Apartments.com Releases Multifamily Rent Growth Report for October 2025
National Trends and Market Overview
Apartments.com, a leading online rental marketplace under CoStar Group (NASDAQ: CSGP), has released its latest multifamily rent growth report for October 2025, highlighting continued deceleration in rent growth across the United States. The report shows that national average apartment rents declined to $1,708 in October, down 0.3% from September’s revised level of $1,713. This marks the fourth consecutive month in which rents have either stagnated or declined month over month. Notably, the October decrease represents the sharpest drop for any October in more than fifteen years, signaling persistent pressure from elevated housing supply and shifting market dynamics.

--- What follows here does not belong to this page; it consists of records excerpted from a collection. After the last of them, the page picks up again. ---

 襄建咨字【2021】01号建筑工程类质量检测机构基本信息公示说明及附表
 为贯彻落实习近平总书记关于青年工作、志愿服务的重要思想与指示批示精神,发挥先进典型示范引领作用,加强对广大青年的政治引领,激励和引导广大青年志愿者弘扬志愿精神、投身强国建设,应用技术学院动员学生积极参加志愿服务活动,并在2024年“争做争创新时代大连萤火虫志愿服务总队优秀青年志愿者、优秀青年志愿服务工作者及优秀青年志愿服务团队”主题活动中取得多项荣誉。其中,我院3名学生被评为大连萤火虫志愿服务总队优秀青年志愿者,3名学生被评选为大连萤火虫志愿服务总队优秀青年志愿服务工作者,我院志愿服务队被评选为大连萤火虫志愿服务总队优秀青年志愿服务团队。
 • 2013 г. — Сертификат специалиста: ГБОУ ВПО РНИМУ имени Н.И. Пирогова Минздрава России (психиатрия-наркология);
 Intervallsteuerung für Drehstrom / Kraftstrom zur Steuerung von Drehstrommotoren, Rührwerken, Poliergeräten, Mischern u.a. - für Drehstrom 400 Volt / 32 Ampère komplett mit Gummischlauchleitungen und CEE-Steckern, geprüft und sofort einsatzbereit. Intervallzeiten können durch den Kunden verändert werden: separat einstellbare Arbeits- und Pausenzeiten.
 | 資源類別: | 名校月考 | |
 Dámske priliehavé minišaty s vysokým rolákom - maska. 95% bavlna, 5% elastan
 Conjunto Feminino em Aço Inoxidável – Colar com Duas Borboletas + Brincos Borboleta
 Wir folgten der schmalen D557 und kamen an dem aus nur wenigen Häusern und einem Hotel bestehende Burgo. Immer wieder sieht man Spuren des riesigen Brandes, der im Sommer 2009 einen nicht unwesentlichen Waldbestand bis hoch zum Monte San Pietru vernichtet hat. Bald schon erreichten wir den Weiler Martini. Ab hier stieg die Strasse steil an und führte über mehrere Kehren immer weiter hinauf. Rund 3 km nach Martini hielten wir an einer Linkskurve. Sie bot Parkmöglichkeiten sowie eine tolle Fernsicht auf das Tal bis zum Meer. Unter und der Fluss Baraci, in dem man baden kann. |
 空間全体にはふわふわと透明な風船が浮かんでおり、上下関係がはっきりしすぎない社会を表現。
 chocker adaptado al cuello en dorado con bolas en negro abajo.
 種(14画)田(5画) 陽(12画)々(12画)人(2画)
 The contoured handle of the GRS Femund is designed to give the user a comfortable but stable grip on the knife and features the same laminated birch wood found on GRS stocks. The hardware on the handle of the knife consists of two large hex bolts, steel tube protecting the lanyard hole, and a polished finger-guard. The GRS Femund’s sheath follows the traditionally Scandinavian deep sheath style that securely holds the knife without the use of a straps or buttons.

Annual rent growth has also softened, slowing to 0.8% in October from 0.9% in September and significantly below the 1.5% level observed at the beginning of 2025. While rents remain slightly above year-earlier levels, the market continues to trend toward moderation rather than acceleration.
Seasonality and Supply Influence Rent Patterns
Historically, multifamily rents follow a seasonal pattern, rising during the spring and summer leasing months and easing during the fall and winter. However, since 2022, rising supply levels have intensified the seasonal slowdown, turning what was once mild deceleration into outright monthly declines during the latter part of the year. From 2010 to 2024, average October rent change hovered near flat at +0.07%. Yet from 2022 through 2024, the average October decline was -0.15%. The October 2025 decline—more than twice that figure—continues a trend of sharper fall reversals in rent performance.
The data underscores a broader theme: while demand remains present, new apartment construction has outpaced absorption in many markets. As large volumes of new units continue to enter lease-up phases across the country, landlords have been adjusting pricing strategies to remain competitive. The multifamily sector has not entered a widespread downturn, but rent growth sits on a delicate balance heading into the final quarter of the year.
Regional Performance Differences
All major U.S. regions recorded month-over-month rent declines in October, though performance varied in magnitude:
- West: -0.53% monthly decline
- South: -0.28%
- Northeast: -0.24%
- Midwest: -0.18%
On an annual basis, the Midwest continues to lead the country, with rents increasing 2.2% year over year. The Northeast followed closely at 1.8%. Meanwhile, rents in the South were flat annually, reflecting equilibrium between supply and demand. The West remains the weakest region, recording a -1.4% annual decline, in part due to substantial multifamily construction combined with demand shifts in key tech-driven metropolitan areas.
Metro-Level Insights
At the metro level, performance weakened broadly across the United States, with only two major metros—Las Vegas and Milwaukee—recording modest monthly gains of 0.2% each. Rents held flat in Miami and Norfolk, suggesting relative stability in those markets.
Some cities experienced more pronounced declines:
- Denver: -1.3% month-over-month
- Austin: -1.1%
- Seattle: -0.9%
- Salt Lake City & Phoenix: -0.8% each
These metros, particularly in the Mountain West and Sun Belt, continue to absorb an outsized share of new construction. Elevated vacancy rates, combined in some cases with softening economic conditions or shifting employer hiring trends, have contributed to downward pricing pressure. For example, recent job cuts at Amazon are noted as a potential contributor to weaker demand in Seattle.
Conversely, markets with more constrained supply continue to outperform in terms of annual growth. Leading metros include:
- San Francisco: +5.8% annual rent growth
- San Jose: +3.8%
- Chicago: +3.6%
- Norfolk: +3.0%
On the other end of the spectrum, metros facing pronounced oversupply reported notable year-over-year rent declines:
- Austin: -4.6%
- Denver: -3.7%
- San Antonio: -2.7%
These trends illustrate clear geographic divides. Markets where development pipelines have been especially active are now seeing rent declines as supply outpaces demand. Meanwhile, metros with tighter housing inventories—particularly in coastal regions and the Midwest—have maintained pricing power.
About CoStar Group
CoStar Group (NASDAQ: CSGP) is a global leader in real estate information, analytics, and online marketplaces. Founded in 1986, the company provides data, digital platforms, and market intelligence to commercial, residential, and multifamily real estate professionals. Its portfolio includes prominent brands such as CoStar, LoopNet, Apartments.com, Homes.com, Domain, Matterport, STR, Ten-X, and OnTheMarket. In the third quarter of 2025, CoStar Group’s platforms attracted more than 143 million average monthly unique visitors worldwide. The company is headquartered in Arlington, Virginia.
The October multifamily report from Apartments.com highlights the ongoing shift in the U.S. rental housing landscape and provides a crucial reference point for industry stakeholders assessing supply, demand, and pricing trends heading into 2026.